= Master and Man (play) =

Play by George R. Sims

Master and Man in a play in four acts by British playwrights George R. Sims and Henry Pettitt. It was written in 1889 for the actor Robert Pateman and his wife, the actress Bella Pateman. The play revolves around the character of Jack Walton who competes for the love of Hester Thornbury with his rivals, Robert Carlton and Humpy Logan.
==Performance history==
Master and Man premiered at the Prince of Wales Theatre in Birmingham, England on March 18, 1889. That same year it toured to the Tyne Theatre, the Theatre Royal, Middlesbrough, Theatre Royal, Brighton, Prince's Theatre, Bristol, and the Theatre Royal, Cardiff among other British provincial theaters. It opened in London at the Pavilion Theatre, Whitechapel on September 16, 1889. It was positively reviewed in England.

The play was brought to the United States in 1890 by impresario T. Henry French. It was initially staged on Broadway where it ran for less than two weeks; opening at Palmer's Theatre on February 5, 1890 with Richard Mansfield as Humpy Logan, Isabelle Evesson as Hester Thornbury, and J. H. Gilmour as Jack Walton. It was given a scathing reviews in the New-York Tribune, and The New York World. The Philadelphia Inquirer stated it was "the worst melodrama New York has seen for years". The Detroit Free Press summed up reaction to the play as a success for Mansfield's performance as Humpy Logan, but otherwise falling flat with critics.

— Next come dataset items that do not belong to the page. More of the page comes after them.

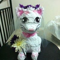 3915 days agoJust finished the piñata for my rehearsal dinner (taco bar). I didn't make the whole thing, just added the veil with flowers, bouquet, and a little diamond on the paw. Will be so sad watching the kids destroy her
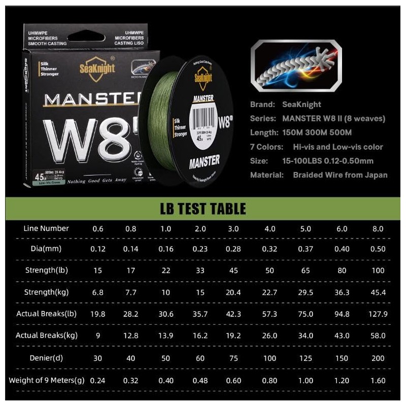- 8 Braided PE Strands - UHMWPE fiber gives the fishing line its extremely high resilience. The improved wide angle technology makes the fishing line more round, preventing tangling.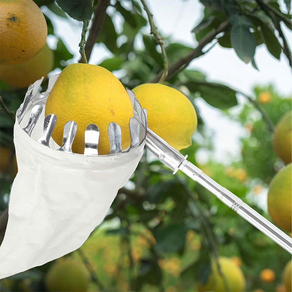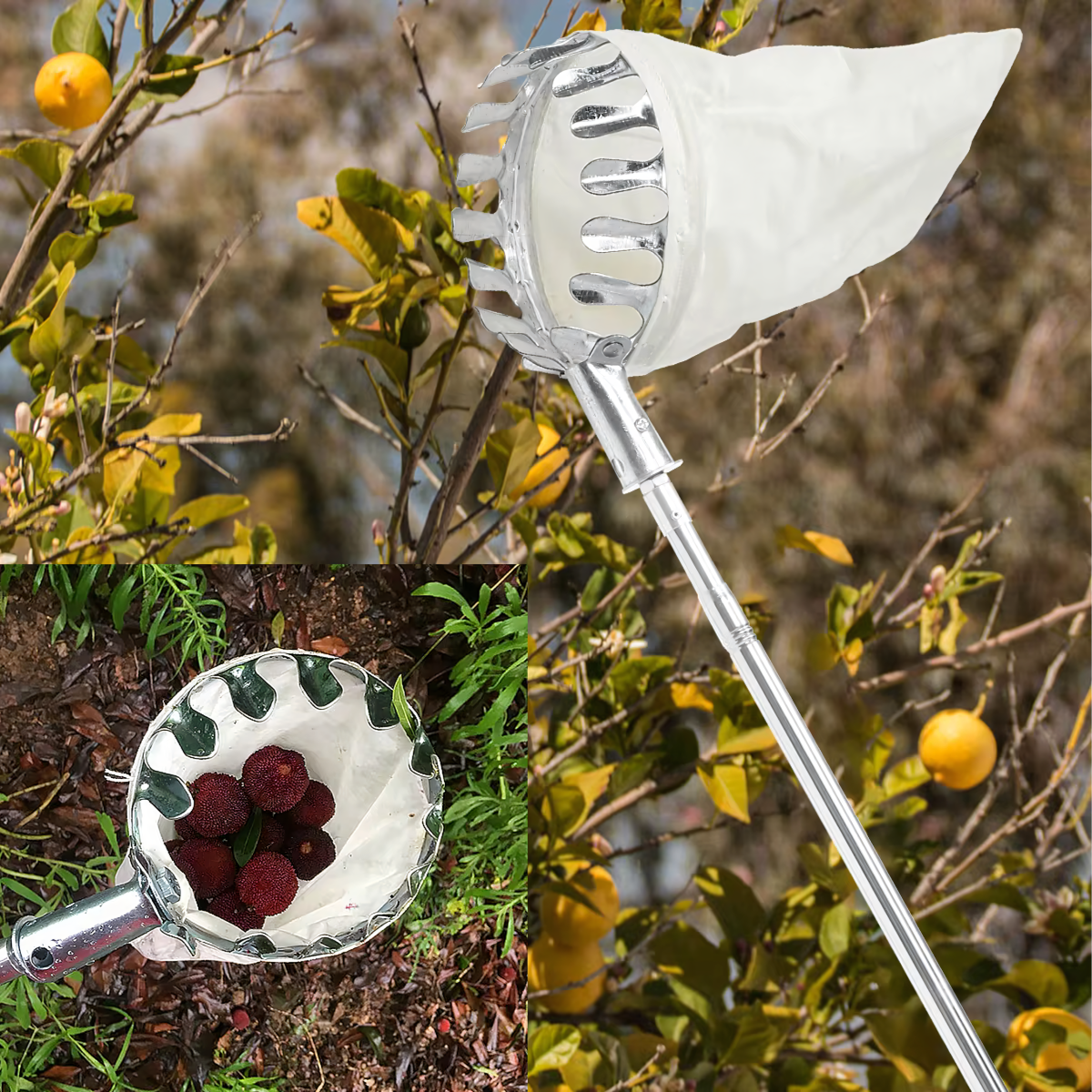Teleskopiskais augļu savācējs ar četrām uzgaļiem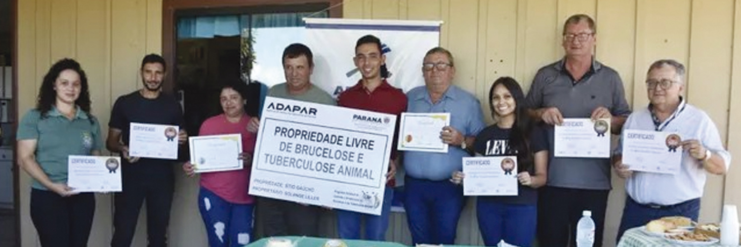 A certificação faz parte do Programa Estadual de Controle e Erradicação da Brucelose e da Tuberculose Animal (PNCEBT). Segundo a Secretaria de Estado da Agricultura e do Abastecimento (Seab), até hoje, a Adapar já concedeu o selo de livre dessas doenças a 109 propriedades rurais do Paraná.
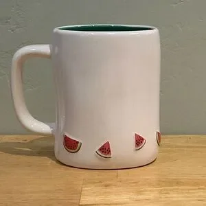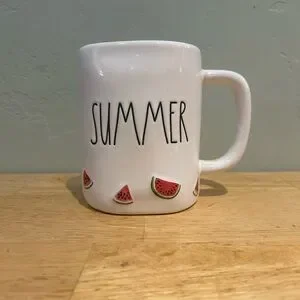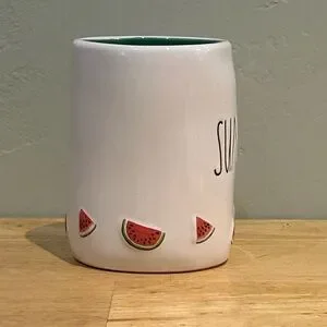 Charming hand crafted ceramic mug from Rae Dunn Artisans Collection By Magenta. Super cute mug feature the word Summer in Rae Dunn signature text. Adorable watermelon design. Teal interior. Classic Rae Dunn minimalist design. Perfect for enjoying your favorite summer beverage. Brand New!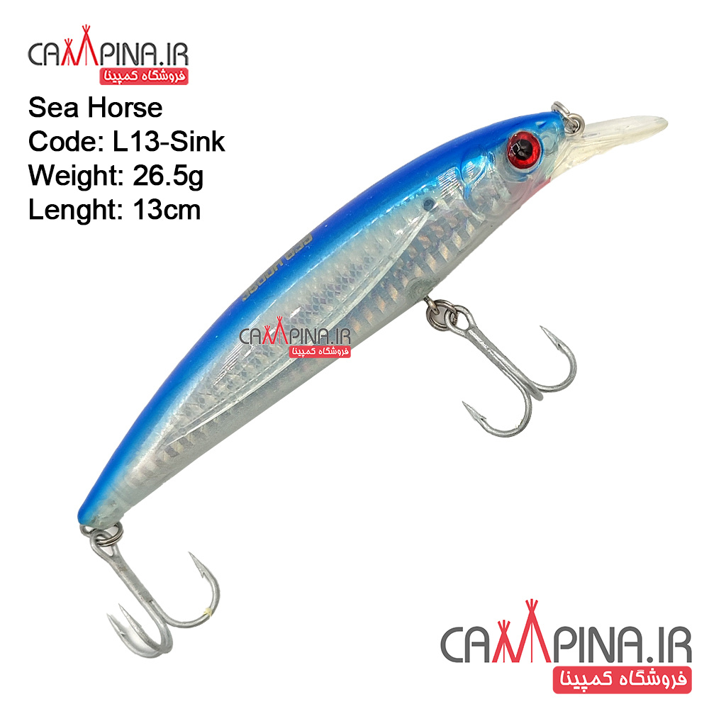 طعمه ماهیگیری L13-Sink از جنس سخت و استخوانی بوده و از برند Sea Horse می باشد. این لور ماهیگیری مناسب صید به روش اسپینینگ یا لانسه کشی بوده و از آن می توان برای صید ماهیان مهاجم (زنده خوار) آب شور مانند؛ شیر، هامور، باراکودا و... استفاده کرد.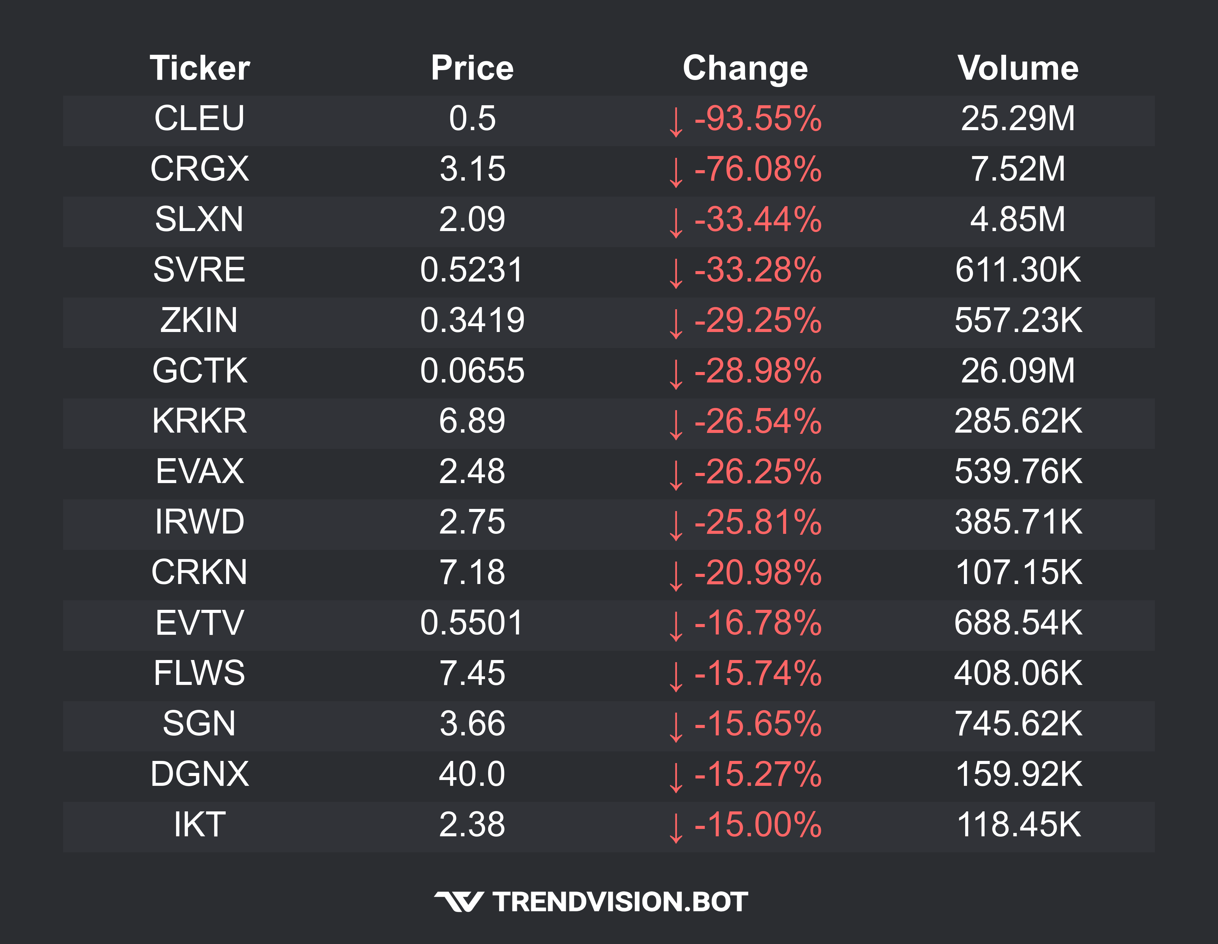 Displays the top losers stocks for current market session (Pre-Market, Regular, After-Hours) or time frame (1D, 5D).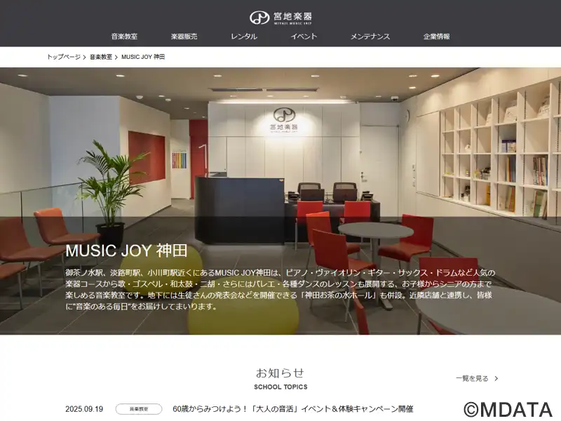 2022年4月9日「神田宮地ビル」B1Fにオープンした宮地楽器のコンサートホール。ヤマハコンサートグランドピアノCF4を常設。生音の響きを考慮した木調のフロアはキャパシティ約80名。クラシックリサイタルやアコースティック楽器のコンサート、公開レッスン形式のピアノワークショップや音楽講座などの会場に利用されている。B1F〜4Fに音楽教室「MUSIC JOY 神田」を併設している。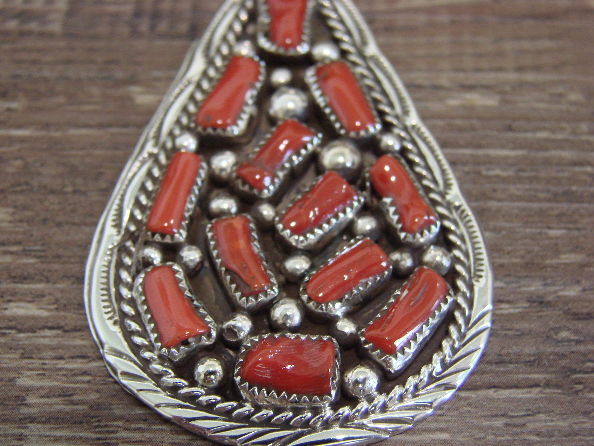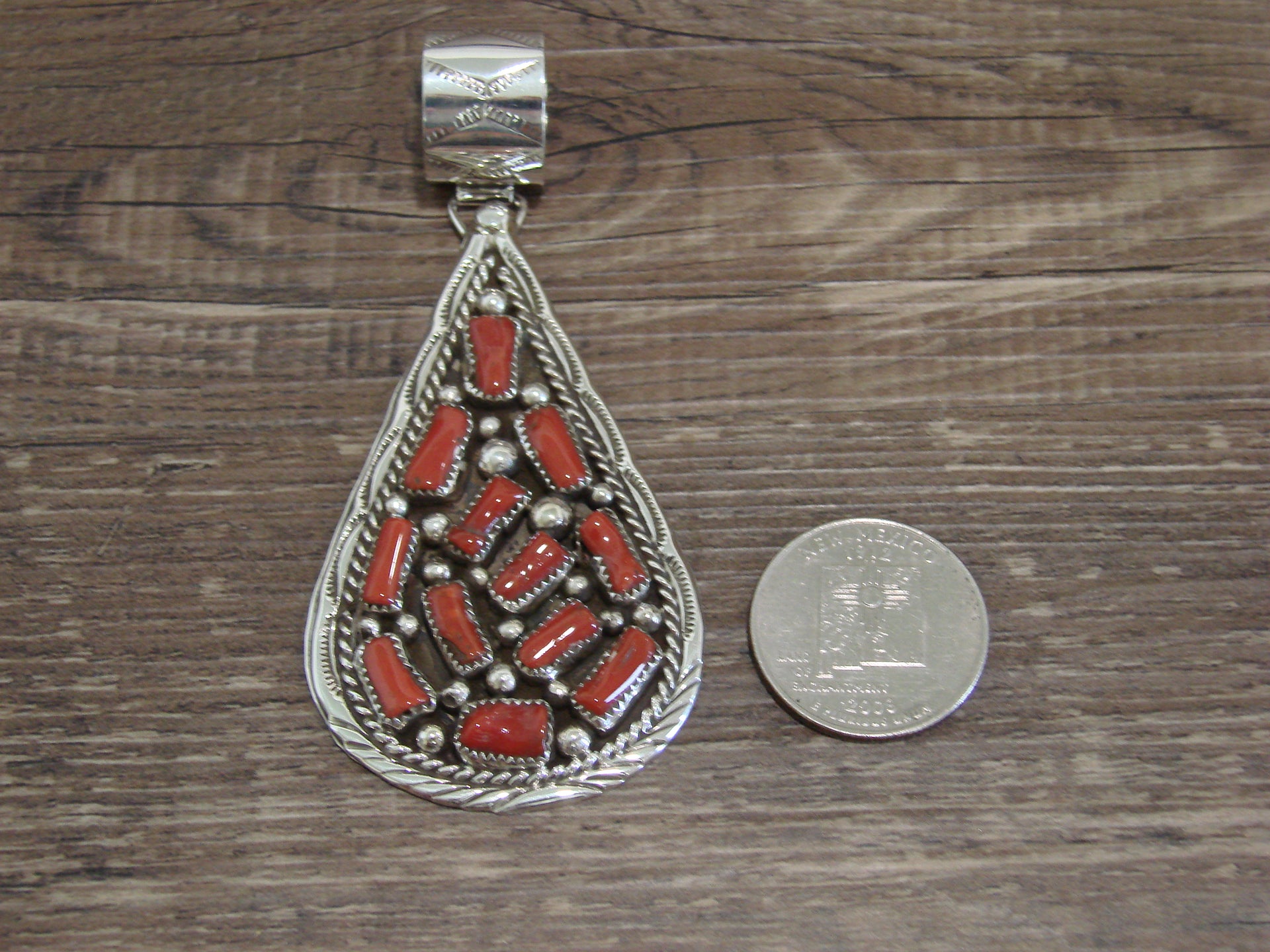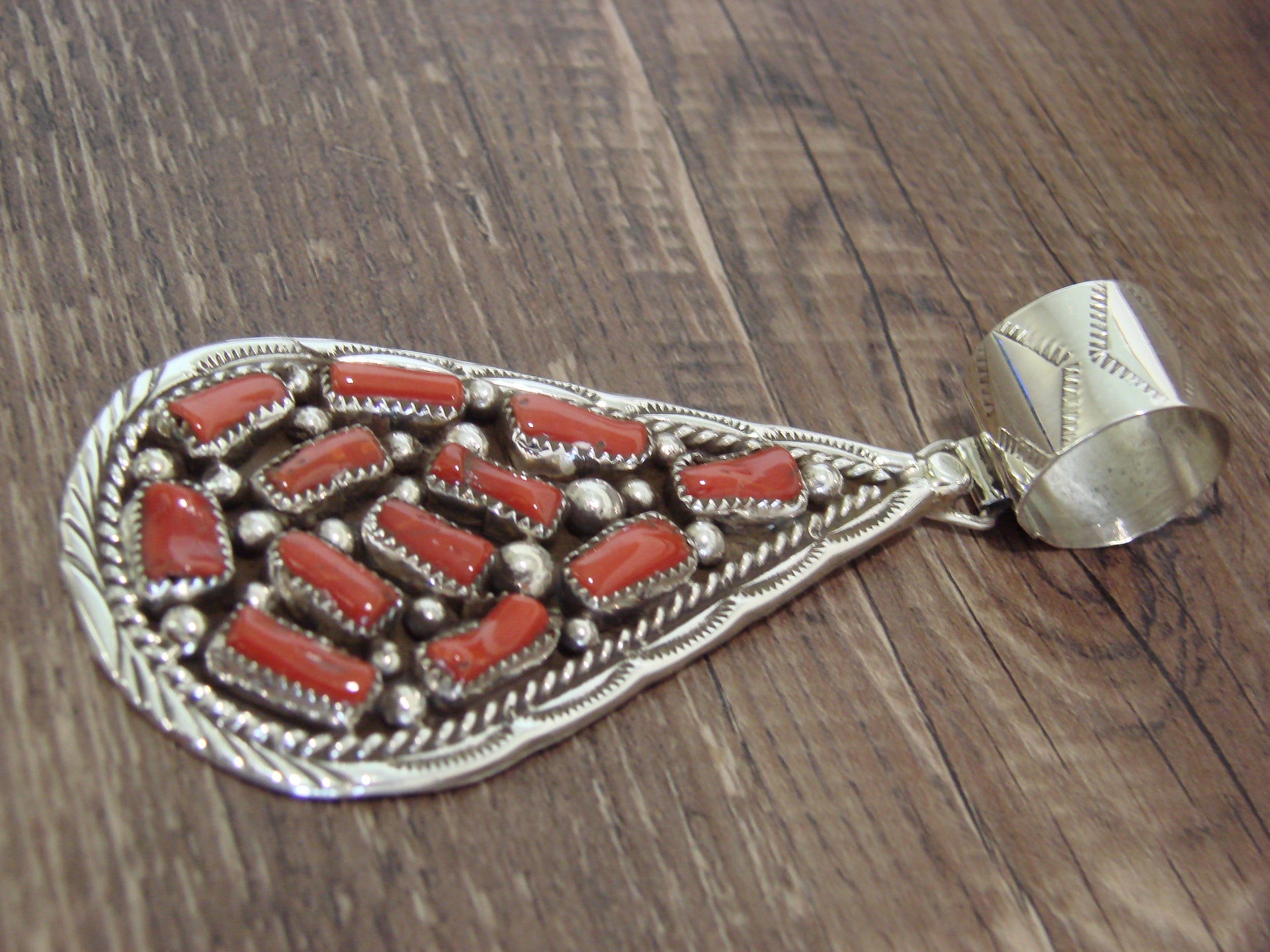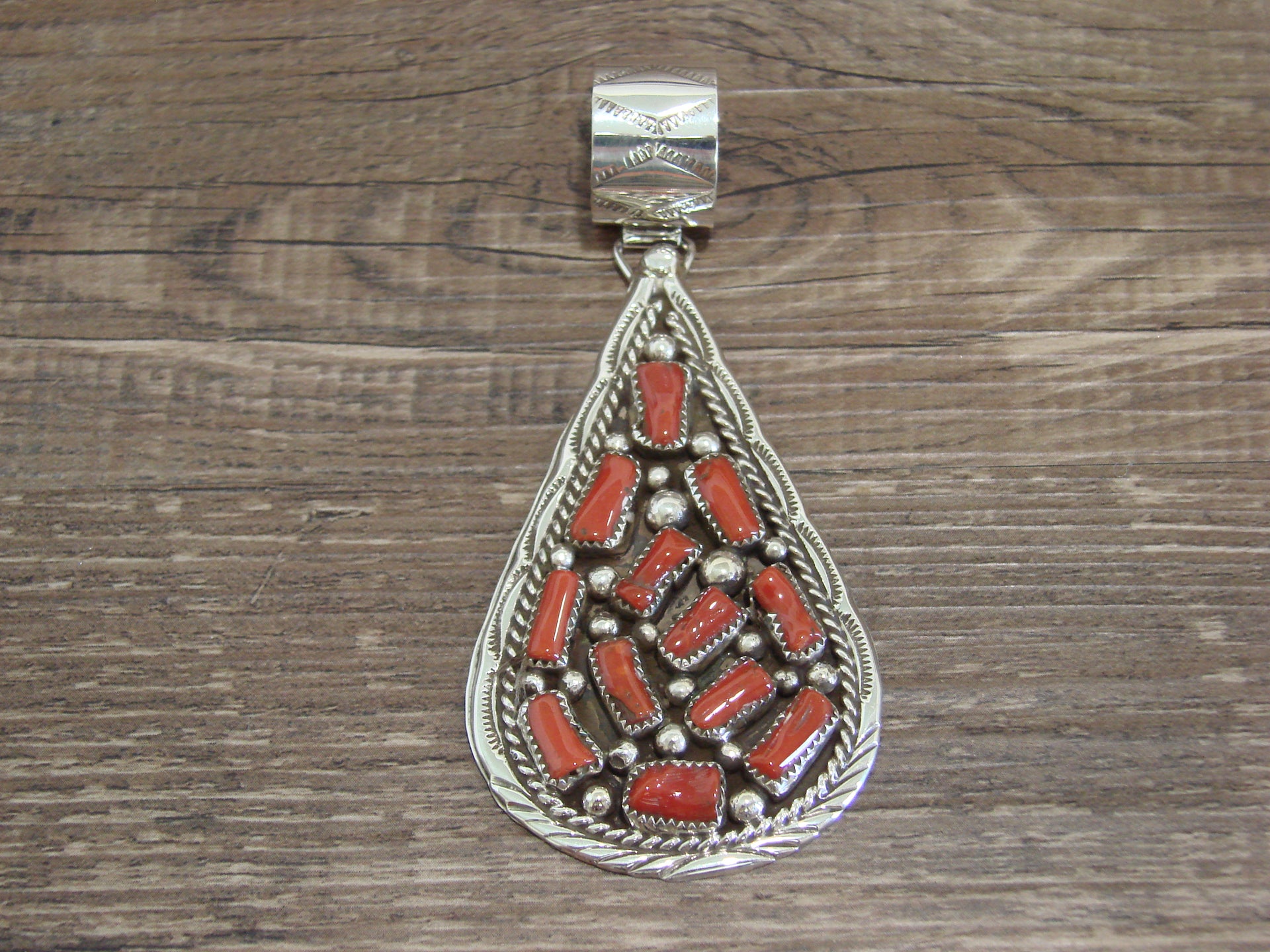 Native American Navajo Indian Sterling Silver & Coral Cluster Pendant from Western New Mexico. This pendant features a cluster of Genuine Coral stones beautifully set into crown sterling silver bezel settings. Gorgeous Sterling Silver details and Hand Stamping surround the stones. Fine Navajo Silversmith workmanship quality makes this pendant a beautiful hand made masterpiece! Handmade by Navajo artist Darlene Begay. Signed "Darlene Begay" and stamped Sterling on the back. Free Shipping with a Gift Box included!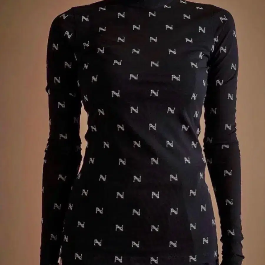 HAENGNAE 시어 탑 택은 제거했지만 원하시면 부착해 드립니다. 로고 패턴이 특징인 블랙 긴팔 하이넥 상의. - 색상: 블랙 - 디자인: 로고 패턴 - 소매 길이: 긴팔 - 넥 스타일: 하이넥 방문해 주셔서 감사합니다. 사이즈 - S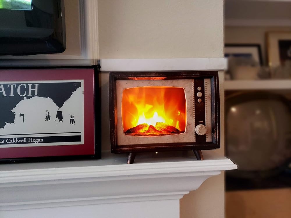 Christmas DECOR - Spooky flame effect fireplace LED Flames inside a Retro TV. You can dim the lights by using the tuning dial on the front of the faux television.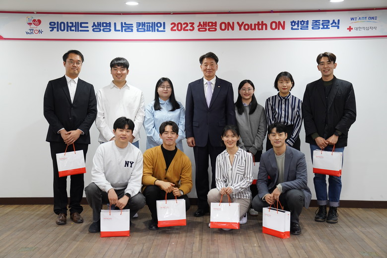 이에 김상진 대한적십자사 서울중앙혈액원장은 5일 서울중앙혈액원(이하 혈액원) 대강당에서 열린 위아레드 생명 나눔 캠페인 ‘2023 생명 ON Youth ON’ 종료식에서 “혼자나 연인들이 헌혈하는 모습은 많이 봤는데, 많은 청년들이 단체로 환하게 웃으며 받는 모습은 참으로 신선했다”며 “저출산으로 인해 헌혈자는 줄어들고, 고령화로 인해 혈액 사용량은 증가하는 상황에서 혈액 수급 불균형을 해소해줘 너무나 감사하다”고 말했다.

Despite negative reviews, the Broadway production of Master and Man went on tour, beginning with a transfer to the Grand Opera House in Manhattan with Dominick Murray replacing Mansfield as Humpy Logan. It then toured to Buffalo, New York, Cleveland, Ohio, and Chicago, Illinois among other American cities. At some point on this tour actor Robert Cummings took over the role of Humpy Logan.

==Adaptations==
The play was adapted into film three times, as a 1915 silent film directed by Percy Nash, a 1929 silent film directed by George A. Cooper and a 1934 film directed by John Harlow.

==Bibliography==
- Bordman, Gerald Martin. American theatre: a chronicle of comedy and drama, 1869-1914. Oxford University Press, 1994.